Keluhan mantan presiden Susilo Bambang Yudhoyono (SBY) terkait netralitas aparat negara dalam Pilkada Jatim menuai banyak cibiran dari berbagai pihak. Banyak pihak yang menilai pernyataan SBY itu berlebihan dan perlunya mawas diri.
Seperti diberitakan sebelumnya, usai memimpin apel Demokrat Jatim di Madiun, Senin (18/6), SBY mengaku khawatir aparat negara seperti Badan Intelijen Negara (BIN), Kepolisian, maupun TNI memihak parpol tertentu dalam Pilkada 27 Juni mendatang.
Melihat pernyataan SBY itu, kita bisa menilai adanya kepanikan yang luar biasa di tubuh Partai Demokrat terkait calonnya di Jatim. Hal itu sebagaimana pokok pikiran pengamat politik Universitas Brawijaya, Fajar Ramadlan.
Pernyataan SBY itu menjadi indikasi ada kepanikan bahwa calon yang diusung Demokrat dalam posisi tertinggal. Hal ini sejalan dengan narasi yang dibangun sebelumnya oleh Sekretaris Demokrat Jatim Renville Antonio bahwa kecurangan bisa menggagalkan pemenangan Khofifah Indar Parawansa dan Emil Elestianto, calon yang diusung Demokrat di Pemilihan Gubernur (Pilgub) Jatim.
Indikasinya mudah saja, jika tidak panik, tidak mungkin menyasar dan memberi tudingan ke mana-mana.
Padahal kalau mau jujur sebenarnya potensi penggunaan alat negara itu justru ada di sekitar kelompoknya.
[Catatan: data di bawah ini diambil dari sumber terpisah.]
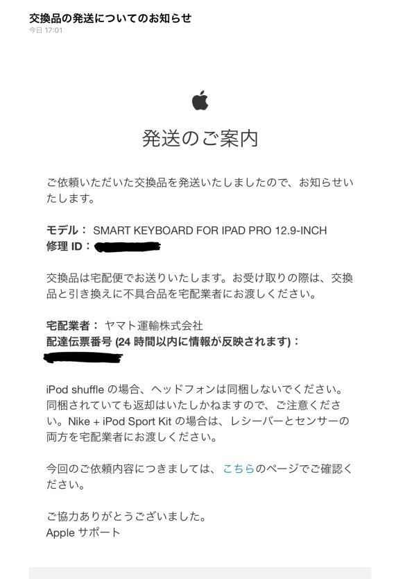 修理ってことは、smart keyboardがしばらく使えなくなるのか。。。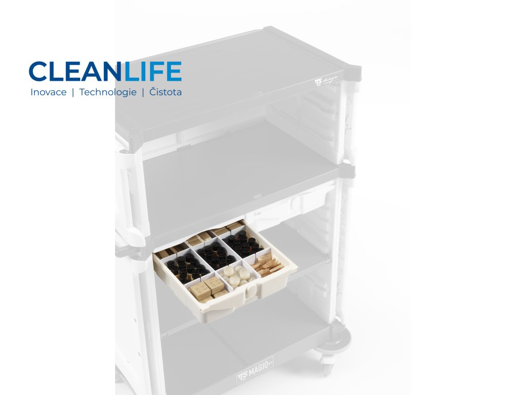 Kompaktní hygienický vozík na čisté prádlo MagicArt 00 Safety s uzamykatelným systémem pro bezpečnou distribuci prádla.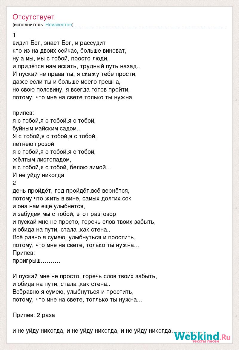 1 видит Бог, знает Бог, и рассудит кто из на двоих сейчас, больше виноват, ну а мы, мы с тобой, просто люди, и придётся нам искать, трудный путь назад.. И пускай не права ты, я скажу тебе прости, даже если ты и больше моего грешна, но свою половину, я всегда готов пройти, потому, что мне на свете только ты нужна припев: я с тобой,я с тобой,я с тобой, буйным майским садом.. Я с тобой,я с тобой,я с тобой, летнею грозой я с тобой,я с тобой,я с тобой, жёлтым листопадом, я с тобой,я с тобой, белою зимой… И не уйду никогда 2 день пройдёт, год пройдёт,всё вернётся, потому что жить в вине, самых долгих сок и она нам ещё улыбнётся, и забудем мы с тобой, этот разговор и пускай мне не просто, горечь слов твоих забыть, и обида на пути, стала ,как стена.. Всё равно я сумею, улыбнуться и простить, потому, что мне на свете, только ты нужна… Припев: проигрыш………. И пускай мне не просто, горечь слов твоих забыть, и обида на пути, стала ,как стена.. Всёравно я сумею, улыбнуться и простить, потому, что мне на свете, тотлько ты нужна… Припев: 2 раза и не уйду никогда, и не уйду никогда, и не уйду никогда…………….

Misalnya, Khofifah merupakan mantan menteri sosial, tentunya dia memiliki infrastruktur jaringan Program Keluarga Harapan (PKH) yang cukup besar cakupannya di Jatim.
Itu adalah potensi kekuasaan yang bisa dimanfaatkan untuk pemenangan pasangan Khofifah-Emil. Lantas, mengapa SBY tidak mengkritisi itu?
Belum lagi, Soekarwo sebagai Ketua DPW Partai Demokrat sedang menjabat sebagai Gubernur Jatim. Soekarwo juga sekaligus menjadi motor pemenangan pasangan Khofifah-Emil. Dengan fakta seperti itu, justru pihak SBY yang bisa mengerahkan polisi, TNI dan BIN di Jatim.
Di sisi lain, sebagai presiden selama 10 tahun, SBY seharusnya juga sudah paham bahwa tidak mudah untuk membawa BIN, Polri, dan TNI terlibat dalam politik praktis. Karena semua sudah tersistem dan pengawasan dijalankan oleh banyak pihak.
Di samping itu, Presiden Jokowi pun sudah menegaskan bahwa aparat negara sepenuhnya netral dalam Pilkada. Dan, sejauh ini belum ada bukti satu pun tentang keterlibatan aparat keamanan dalam politik praktis di Pilkada.
Oleh karena itu, bisa jadi pernyataan SBY itu bentuk kepanikan atau delusi akut. Hal itu yang membuatnya takut pada bayangan dirinya sendiri.